Tonight we went to the painter's house, had dinner, and stayed late playing games. It was pushing 11pm by the time we got home. Coen was fast asleep and there was much to carry in. The snow was falling steadily (in May!) and the ground was a muddy mess.

Kristy headed to Coen's room with our sleeping adventurer. I carried our stuff in and went back to the cold, semi-dark van for my little Rett girl. As I slid the door back, the lights came on and lit up little snow flakes that drifted down to melt on her cheeks. She smiled the biggest, crinkly-eyed, toothy smile at the snow and her daddy and snuggled up to my shoulder in the short, cold trip to the house. There was no accusation in that smile.

I thought about her hopping after the other kids all evening, nobody playing with her. Her younger brother keeping up with Haley and sharing toys and laughing together. Nora, content just to be around the others. While mommy and daddy had fun with their friends and brother played with his friends Nora explored, alone, a world she can barely interact with. Later, while she enjoyed her bottle of warm Almond milk, warm drops replaced the chilly snowflakes on her cheeks as daddy's regret and guilt overflowed.

I wrote these verses for Nora shortly after we found out she had Rett Syndrome. I don't claim that they are good but they are inspired by a little girl who can walk through walls.

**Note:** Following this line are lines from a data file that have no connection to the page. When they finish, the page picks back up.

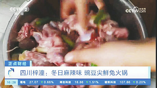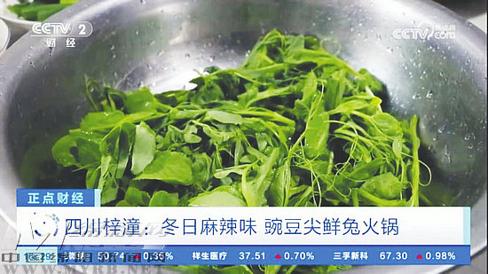 12月15日,央視CCTV2《正點財經(jīng)》將鏡頭再次對準綿陽梓潼冬日麻辣鮮香美食—豌豆尖鮮兔火鍋。報道稱,每到冬天的時候,梓潼縣的村民就喜歡將兔肉與當(dāng)季豌豆尖組合,做上一鍋麻辣鮮香的豌豆尖鮮兔火鍋,驅(qū)寒暖身。
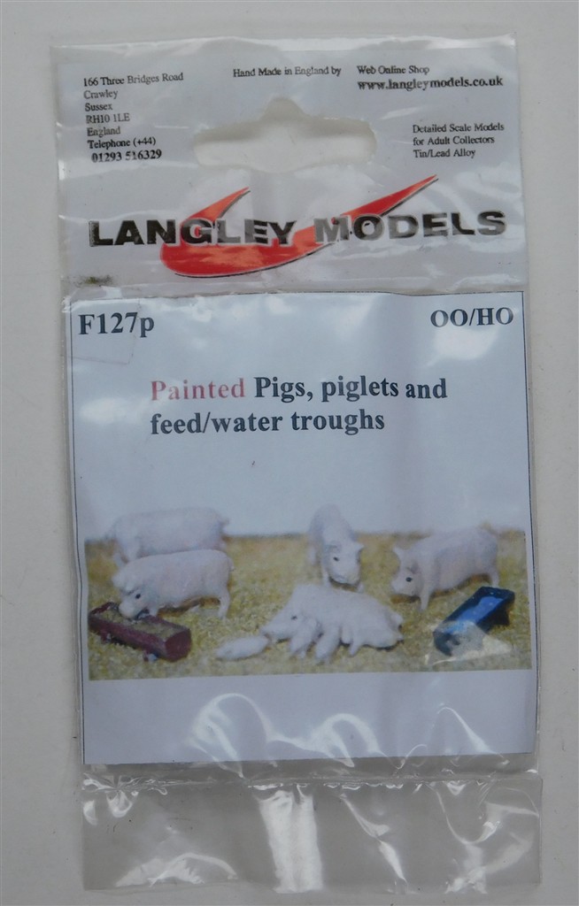 An unopened, white metal Langley Minature Models F127p PAINTED Pigs, piglets and feed troughs
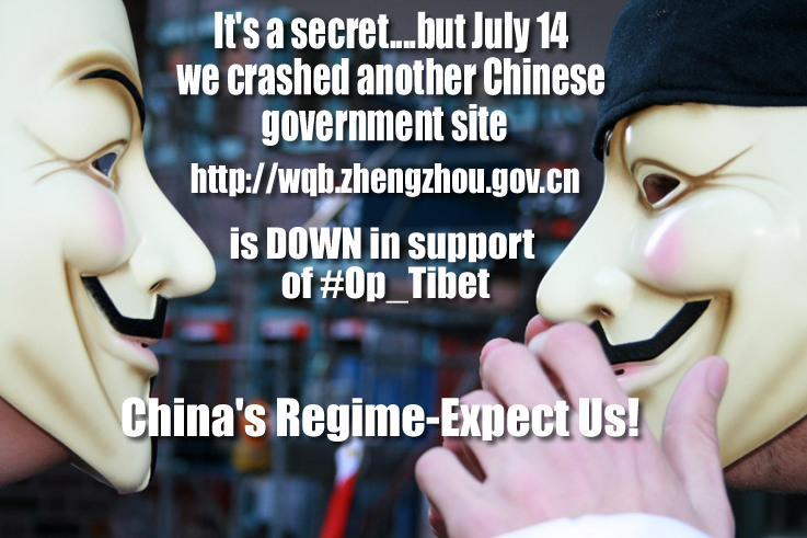 Breaking reports just posted on an anonymous hosting site that hacktivists have today crashed China’s propaganda website http://wqb.zhengzhou.gov.cn in support of Operation Tibet. No doubt China’s authorities will be scrambling to restore the website, but the damage has been done as again Anonymous has shown that it has the capacity and determination to disable official Chinese sites. Many thanks to our friends on Twitter for the heads-up on this latest action and to @anonriddler for sharing the image link.
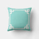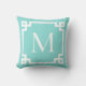 Seaglass Teal and White Monogram Greek Key Border Cushion
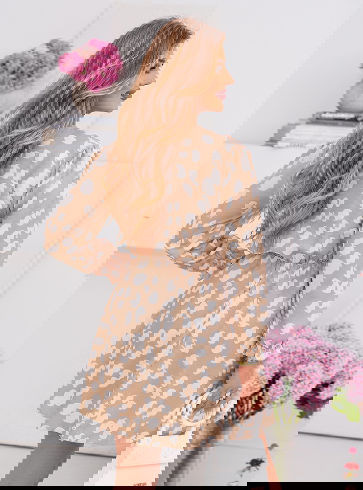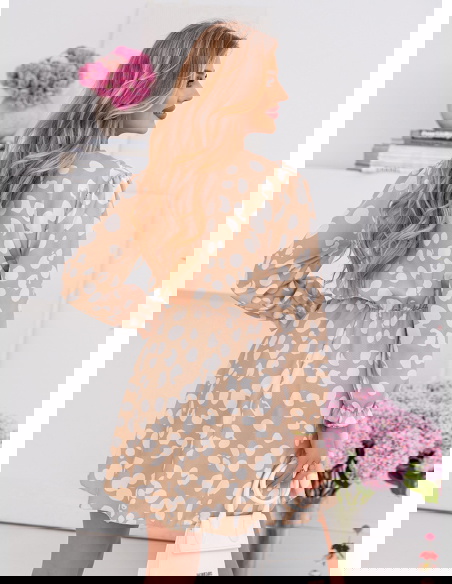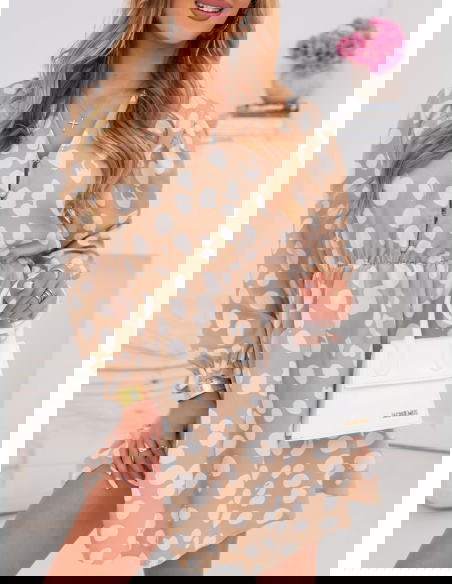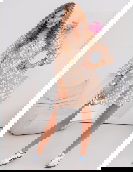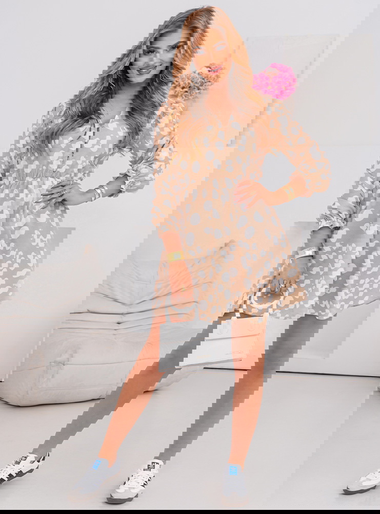 Wzorzysta sukienka rozkloszowana mini Lashae - wzór 14 nadaje się do noszenia w połączeniu z lekkim trenczem lub długim płaszczem o prostym kroju, co sprawia, że może być wykorzystywana również w chłodniejsze dni, nie tracąc przy tym swojego uroku, a odpowiednio dobrane dodatki, takie jak apaszka, delikatna biżuteria i klasyczna torebka, sprawiają, że stylizacja nabiera ponadczasowej elegancji i klasycznej harmonii.
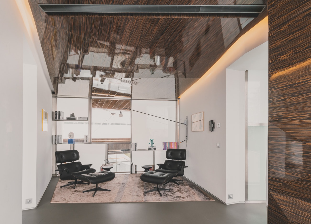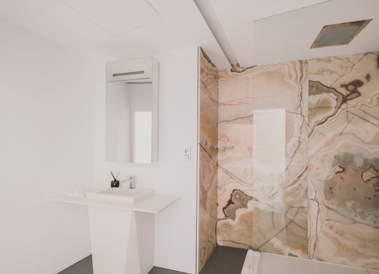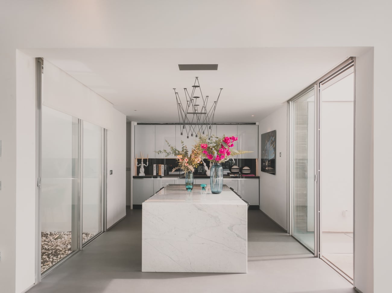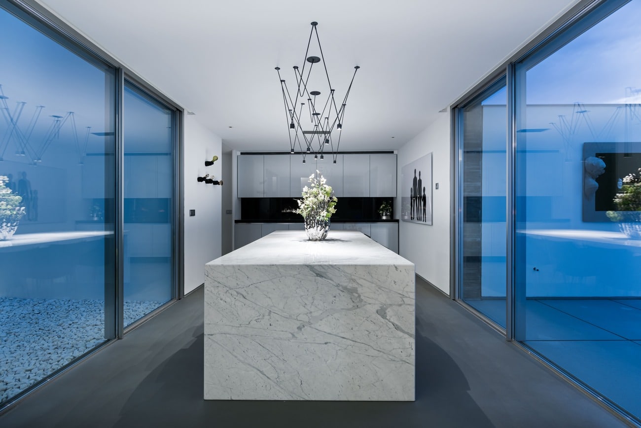 En el interior, piedra natural, metales, vidrios de distintas opacidades y maderas nobles como el ébano construyen espacios serenos, sofisticados y atemporales, donde cada estancia posee identidad propia sin perder la coherencia global.
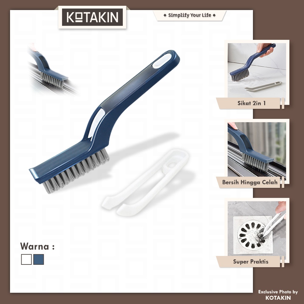 KOTAKIN Sikat 2in1 Celah Sudut Jendela Gagang Capit Alat Pembersih Lantai Kamar Mandi
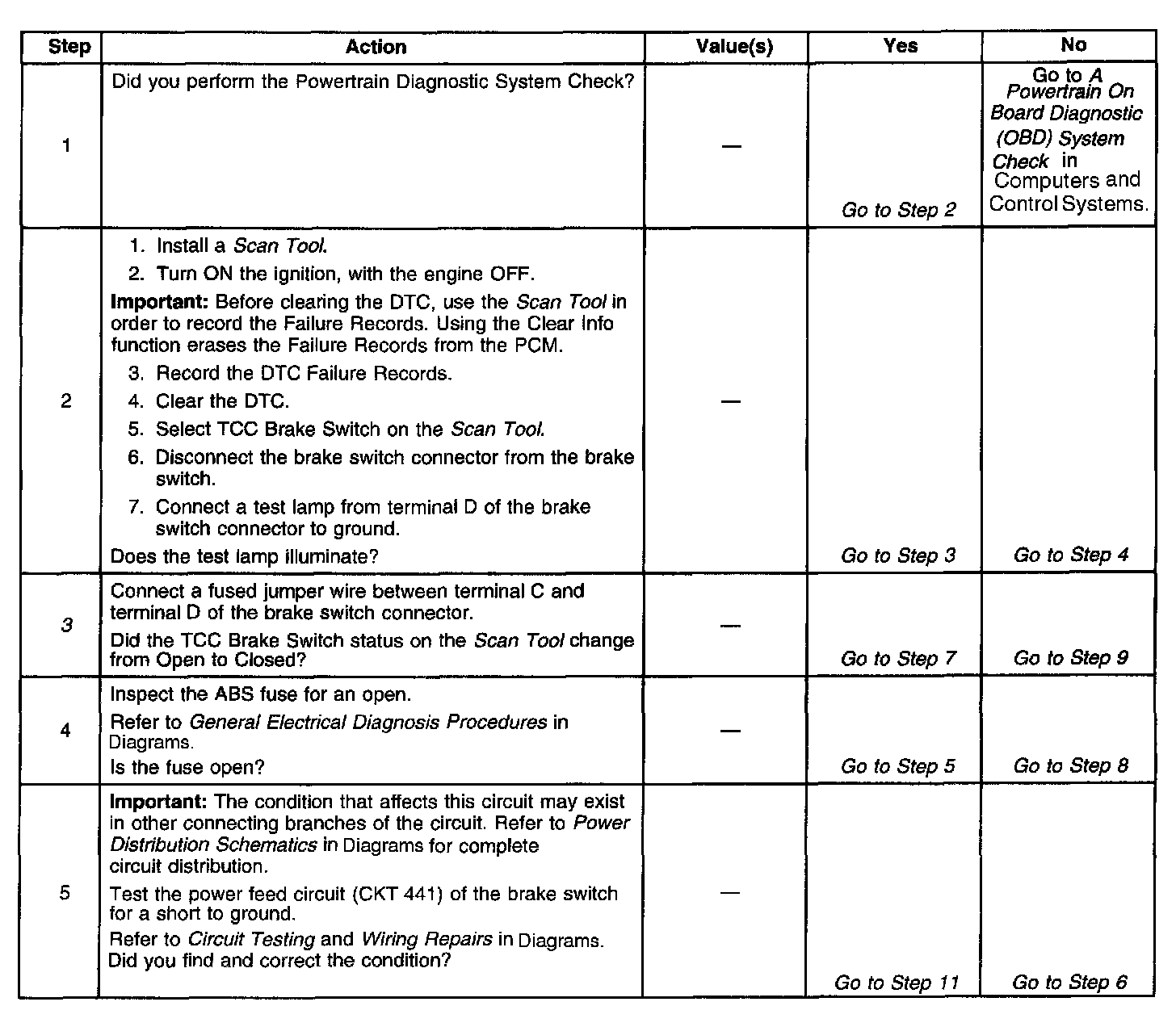 ^ If the PCM detects a brake switch circuit fault, then the brake switch input is disregarded for TCC scheduling. The PCM then uses throttle position and vehicle speed to determine TCC application and release. Use of these inputs may result in a noticeable harsh apply or abrupt release of the TCC.
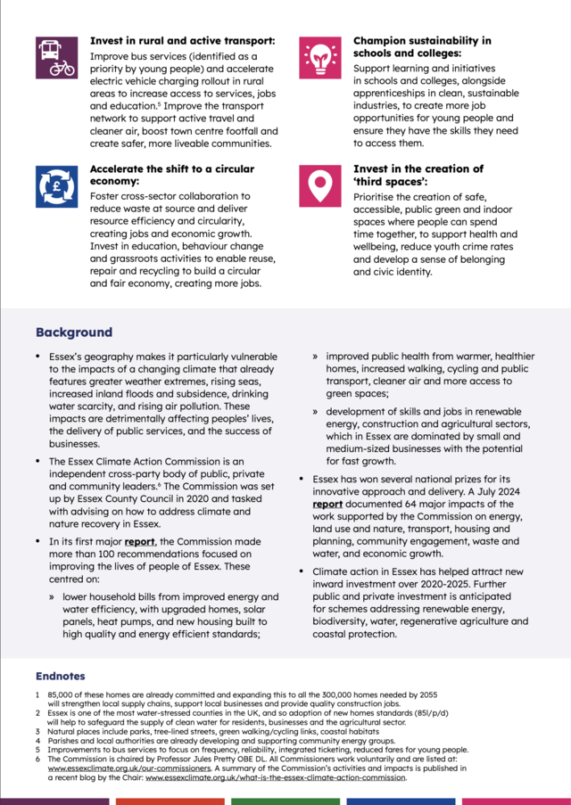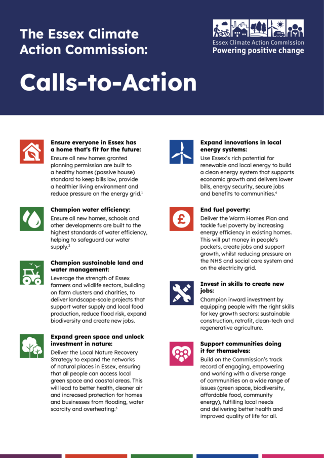 Ahead of a future mayoral election, the Essex Climate Action Commission has published twelve calls to action, which act as a series of recommendations for the new Mayor. These calls to action can be downloaded here.
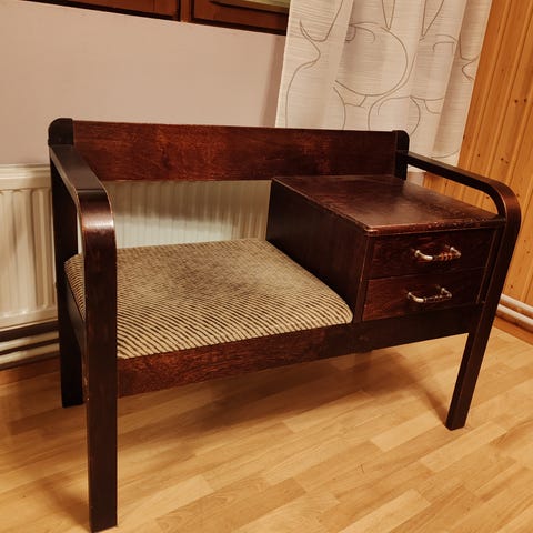 Myynnissä kuvien mukainen puhelinpenkki ollut meillä käytössä eteissä, mutta nyt jäänyt tarpeettomaksi. (Kissatalous) Leveys. 97cm, pituus44cm, korkeus 78cm. Lokeroiden sisämitat pituus 34cm leveys 29cm. Hintapyyntö 30€ nouto Kokkolan keskustasta omat kantajat mukaan.
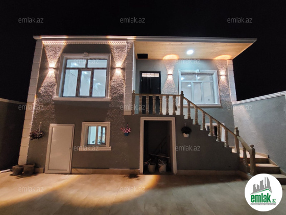Abşeron rayonu Məhəmmədli yaşayiş massivi bütün infrostrukturlu ərazidə dayanacağa 50metr piyada məsafədə 2.5 sot torpaq sahəsinin icində sahəsi 216kvm cox keyfiyyətli materiallarla tikilmiş ikinci mərtəbəsində böyük te...

My little tree, in verdant grove it grew.
It seems that nature dealt a loser's hand:
For though the trees around stood tall and true,
mine struggled to survive upon the land

To other trees, new growth was easy play.
For mine each tiny branch was hardly won
It pained to watch the struggle every day,
but joy, we shared, at trials overcome.

Surrounded by the tall, the strong and free,
my tree, both sparse in leaf and frail in root,
may not produce in size or quantity.
Yet still, it grows the sweetest kind of fruit.